Cancers (Apr 2024)

Multimodal Treatment of Pleural Mesothelioma with Cytoreductive Surgery and Hyperthermic Intrathoracic Chemotherapy: Impact of Additive Chemotherapy

  • Laura V. Klotz,
  • Julia Zimmermann,
  • Karolina Müller,
  • Julia Kovács,
  • Mohamed Hassan,
  • Michael Koller,
  • Severin Schmid,
  • Gunnar Huppertz,
  • Till Markowiak,
  • Bernward Passlick,
  • Hans-Stefan Hofmann,
  • Hauke Winter,
  • Rudolf A. Hatz,
  • Martin E. Eichhorn,
  • Michael Ried

DOI
https://doi.org/10.3390/cancers16081587
Journal volume & issue
Vol. 16, no. 8
p. 1587

Abstract

Read online

Cytoreductive surgery (CRS) combined with hyperthermic intrathoracic chemoperfusion (HITOC) is a promising treatment strategy for pleural mesothelioma (PM). The aim of this study was to evaluate the impacts of this multimodal approach in combination with systemic treatment on disease-free survival (DFS) and overall survival (OS). In this retrospective multicenter study, clinical data from patients after CRS and HITOC for PM at four high-volume thoracic surgery departments in Germany were analyzed. A total of 260 patients with MPM (220 epithelioid, 40 non-epithelioid) underwent CRS and HITOC as part of a multimodal treatment approach.
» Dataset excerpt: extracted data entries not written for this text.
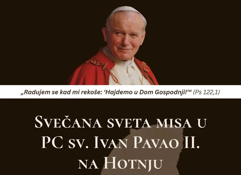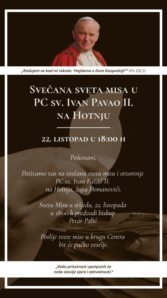 Svečano otvorenje Pastoralnog centra "Sveti Ivan Pavao II." u Hotnju koji pripada župi Domanovići, bit će u srijedu, 22. listopada, s početkom u 18 sati. Misno slavlje povodom otvorenja predvodit će biskup mons. Petar Palić, biskup mostarsko-duvanjski i apostolski upravitelj trebinjsko-mrkanski. Nakon euharistijskog slavlja uslijedit će pučko veselje u krugu Centra.
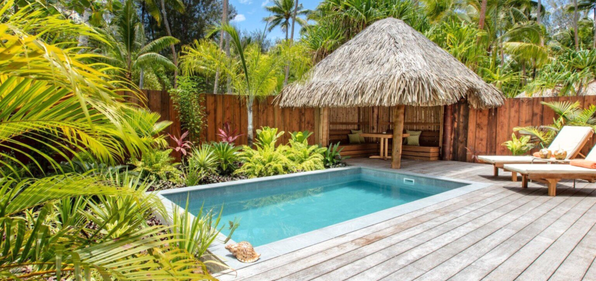 Vous séjournerez en Villa Jardin avec piscine privée, nichée dans un écrin de verdure. Ce cocon de sérénité dispose d’une chambre élégante, d’une terrasse spacieuse avec transats et d’une piscine privative, idéale pour des moments de détente en toute intimité.
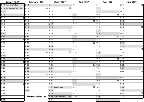 1807 calendar

HITOC was administered with cisplatin alone (58.5%) or cisplatin and doxorubicin (41.5%). In addition, 52.1% of patients received neoadjuvant and/or adjuvant chemotherapy. The median follow-up was 48 months (IQR = 38 to 58 months). In-hospital mortality was 3.5%. Both the resection status (macroscopic complete vs. incomplete resection) and histologic subtype (epithelioid vs. non-epithelioid) had significant impacts on DFS and OS. In addition, adjuvant chemotherapy (neoadjuvant/adjuvant) significantly increased DFS (p = 0.003). CRS and HITOC within a multimodal treatment approach had positive impacts on the survival of patients with epithelioid PM after macroscopic complete resection. The addition of chemotherapy significantly prolonged the time to tumor recurrence or progression.